Thanks. Since you've shown aliasing is unaffected by `union` visibility in major compilers for C & C++, do you think that indicates it's not directly related to the added quote being discussed? Either way, am I 'safe' if (A) not using pointers to such members, (B) only passing 1 to any function, or (C) anywhere I need to alias, `reinterpret_cast`ing to/from `char` within scope? Also, if you know a good summary of all these nuances, preferably more condensed than the standard - few things I've read have pointed out crucial caveats like you have here. Sorry to keep bombarding you with questions! — underscore_d, Jan 06 '16 at 10:32

score 23 · Accepted Answer · edited May 23 '17 at 12:08

I've found my way through the labyrinth to some great sources on this, and I think I've got a pretty comprehensive summary of it. I'm posting this as an answer because it seems to explain both the (IMO very misguided) intention of the C clause and the fact that C++ does not inherit it. This will evolve over time if I discover further supporting material or the situation changes.

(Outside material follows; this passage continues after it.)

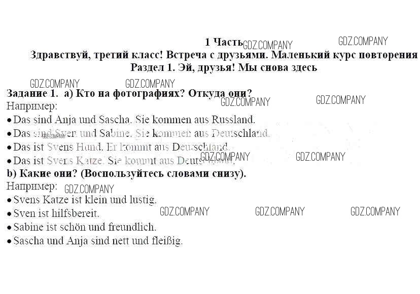 Здесь готовые ответы по Немецкому языку за 3 (третий) класс от Бим, Рыжова, Фомичева Учебник (издательство: Просвещение от 2014 г.) № 1

This is my first time trying to sum up a very complex situation, which seems ill-defined even to many language architects, so I'll welcome clarifications/suggestions on how to improve this answer - or simply a better answer if anyone has one.

Finally, some concrete commentary

Through vaguely related threads, I found the following answer by @tab - and much appreciated the contained links to (illuminating, if not conclusive) GCC and Working Group defect reports: answer by tab on StackOverflow

The GCC link contains some interesting discussion and reveals a sizeable amount of confusion and conflicting interpretations on part of the Committee and compiler vendors - surrounding the subject of union member structs, punning, and aliasing in both C and C++.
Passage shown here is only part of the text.